S’agissant de la décision d’interdiction de retour sur le territoire français :
- elle est entachée d’une erreur manifeste d’appréciation.
S’agissant de la demande de suspension de l’exécution de l’obligation de quitter le territoire français dans l’attente de la lecture de la décision de la Cour nationale du droit d’asile :
- elle méconnaît les dispositions des articles L. 752-5 et L. 752-6 du code de l’entrée et du séjour des étrangers et du droit d’asile, ses allégations sur les risques encourus en cas de retour dans son pays d’origine sont crédibles.
Par un mémoire en défense, enregistré le 5 août 2025, le préfet du Doubs conclut au rejet de la requête.
Il soutient que les moyens soulevés par Mme A… ne sont pas fondés.
Vu les autres pièces du dossier.
Vu :
- la convention européenne de sauvegarde des droits de l’homme et des libertés fondamentales,
- le code de l’entrée et du séjour des étrangers et du droit d’asile,
- le code des relations entre le public et l’administration,
- le code de justice administrative.
La présidente de la formation de jugement a dispensé la rapporteure publique, sur sa proposition, de prononcer des conclusions à l’audience.
Les parties ont été régulièrement averties du jour de l’audience.

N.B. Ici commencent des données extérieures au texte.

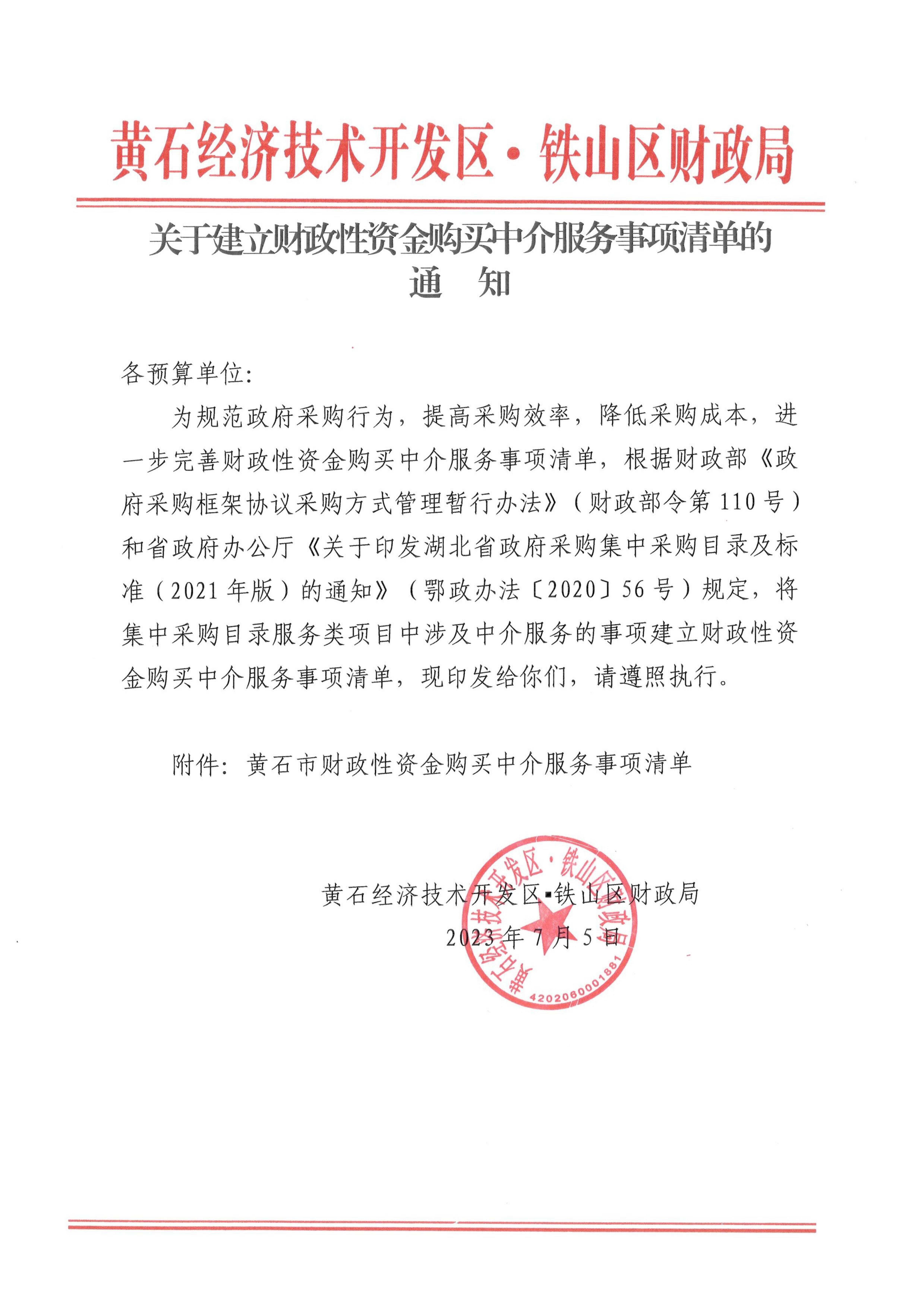 关于建立财政性资金购买中介服务事项清单的通知

Ont été entendus au cours de l’audience publique :
- le rapport de Mme Fessard-Marguerie, conseillère,
- et les observations de Me Bertin, pour la requérante.
Considérant ce qui suit :
Mme A…, ressortissante géorgienne, est entrée en France selon ses déclarations, le 10 décembre 2024, et a sollicité son admission au séjour au titre de l’asile le 18 décembre 2024. Sa demande d’asile a été examinée selon la procédure accélérée définie à l’article L. 531-4 du code de l’entrée et du séjour des étrangers et du droit d’asile et a été rejetée par une décision de l’Office français de protection des réfugiés et apatrides (OFRPA) du 3 avril 2025. Par arrêté du 5 mai 2025, le préfet du Doubs a fait obligation à Mme A… de quitter le territoire français dans un délai de trente jours, a fixé le pays à destination duquel elle serait éloignée et prononcé une interdiction de retour sur le territoire français pendant une durée d’un an. Par sa requête, Mme A… demande, à titre principal, l’annulation de l’ensemble des décisions contenues dans l’arrêté du 5 mai 2025 et, à titre subsidiaire, de prononcer la suspension de l’exécution de la décision portant obligation de quitter le territoire français.

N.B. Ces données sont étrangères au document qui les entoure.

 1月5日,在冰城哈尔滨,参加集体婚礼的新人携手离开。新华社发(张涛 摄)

Sur les conclusions aux fins d’annulation :
En ce qui concerne le moyen d’incompétence du signataire commun aux décisions attaquées :
Par un arrêté n° 25-2024-03-25-00001 du 25 mars 2024, régulièrement publié au recueil des actes administratifs spécial de la préfecture du Doubs le lendemain, le préfet du Doubs a donné délégation à Mme Valleix, secrétaire générale de la préfecture, pour signer tous arrêtés et décisions relevant des attributions de l’Etat dans le département du Doubs. Par suite, le moyen tiré de l’incompétence du signataire de l’arrêté attaqué doit être écarté.
En ce qui concerne la décision portant obligation de quitter le territoire français :
En premier lieu, aux termes de l’article L. 211-2 du code des relations entre le public et l’administration : « Les personnes physiques ou morales ont le droit d’être informées sans délai des motifs des décisions administratives individuelles défavorables qui les concernent ». L’article L. 211-5 du même code dispose : « La motivation exigée par le présent chapitre doit être écrite et comporter l’énoncé des considérations de droit et de fait qui constituent le fondement de la décision ».

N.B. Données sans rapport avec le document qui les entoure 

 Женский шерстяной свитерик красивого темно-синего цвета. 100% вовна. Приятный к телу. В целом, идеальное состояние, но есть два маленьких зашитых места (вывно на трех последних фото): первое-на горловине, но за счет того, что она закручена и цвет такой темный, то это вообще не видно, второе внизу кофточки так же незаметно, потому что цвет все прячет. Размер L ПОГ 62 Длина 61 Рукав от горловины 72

Il ressort de l’arrêté attaqué que le préfet du Doubs, après avoir mentionné que la demande d’asile de Mme A… a été rejetée par une décision de l’Office français de protection des réfugiés et apatrides qui a statué selon la procédure accélérée, en application des dispositions du 1° de l’article L. 531-24 du code de l’entrée et du séjour des étrangers et du droit d’asile, a également précisé que l’intéressée n’a pas établi être réellement menacée en Géorgie et qu’elle n’a apporté aucun élément suffisamment probant permettant d’établir qu’elle puisse être exposée à des peines ou traitements contraires à la convention européenne de sauvegarde des droits de l’homme et des libertés fondamentales en cas de retour dans son pays d’origine. De plus, le préfet du Doubs a fait état d’éléments de la situation personnelle et familiale de l’intéressée, ainsi que des conditions et de la brève durée de son séjour en France. Par suite, le moyen tiré de l’insuffisance de motivation en fait de la décision attaquée par rapport aux dispositions citées au point précédent doit être écarté.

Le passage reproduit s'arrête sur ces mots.